Brad Carroll is a recognized regional theatre director, music director and composer whose work has taken him all over the world. In addition to Lend Me A Tenor The Musical, he is the co-creator of the new musical, Christmas Is Here Again, based on the animated feature by Robert Zappia. Other produced works include A Christmas Carol: On The Air (also with Peter Sham) for the Utah Shakespeare Festival; Amelia Lost (librettist) with composer, Larry Delinger; Cio Cio San, a new opera-theatre piece (composer/arranger); Christmas Is…A Musical Memory and Robin Hood.
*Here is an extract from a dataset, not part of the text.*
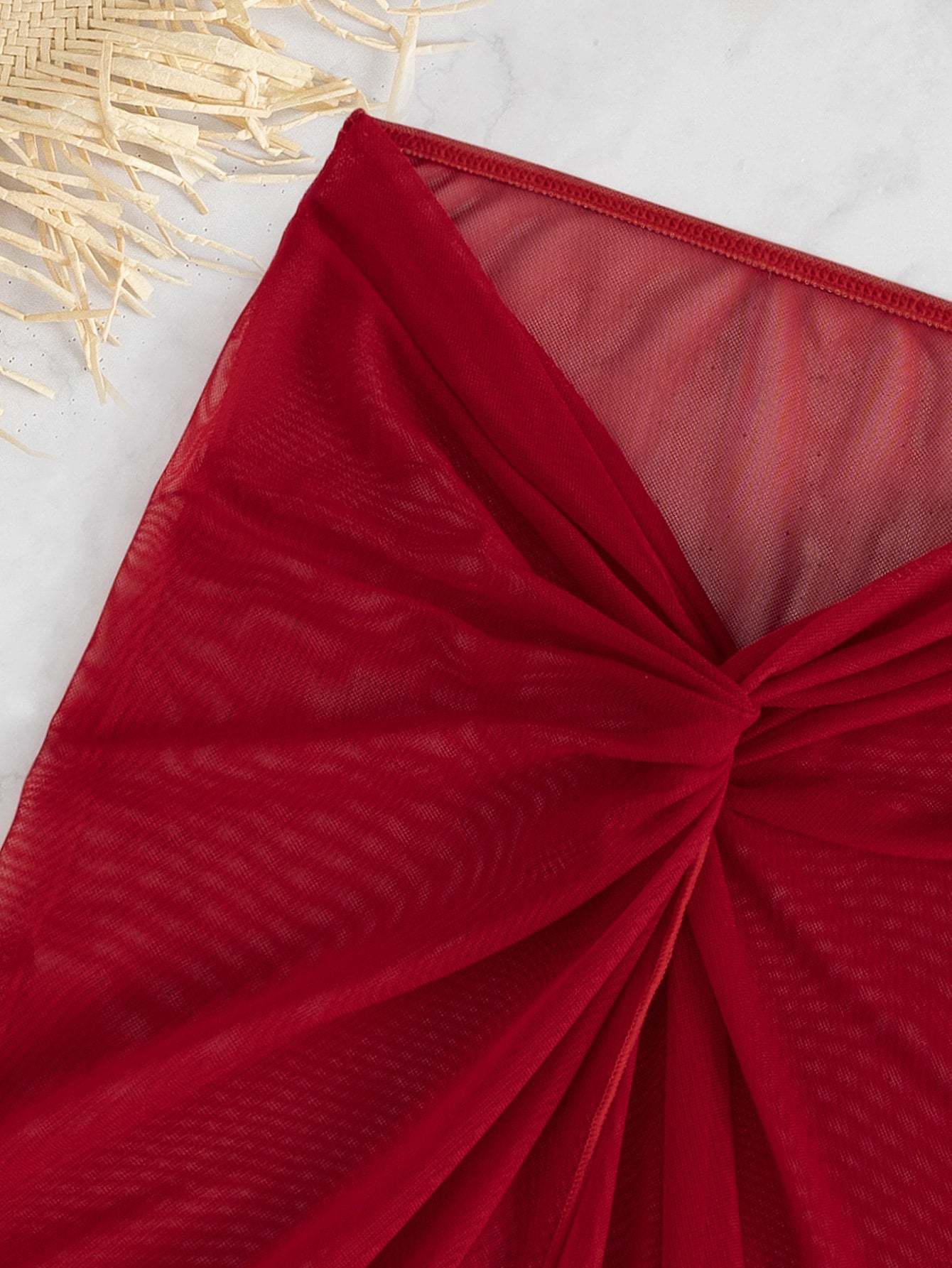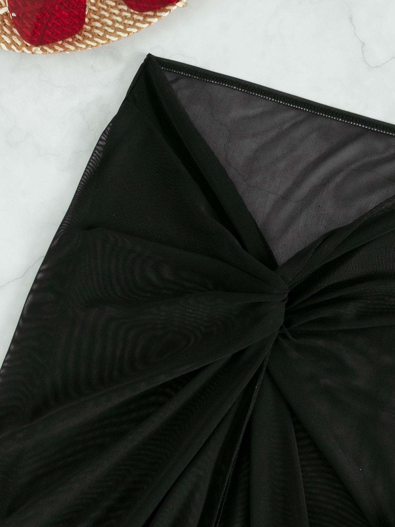 3pack Plain Bandeau Bikini Swimsuit & Beach Skirt

Musical scores composed for dramatic productions - Cyrano De Bergerac, King Lear, As You Like It, Measure For Measure, Death Of A Salesman and To Kill A Mockingbird. He is also a writer, director and musical arranger for Walt Disney Entertainment’s, TokyoDisneySea and is currently Resident Artist/Artistic Associate for PCPA - Pacific Conservatory Theatre in Santa Maria, CA.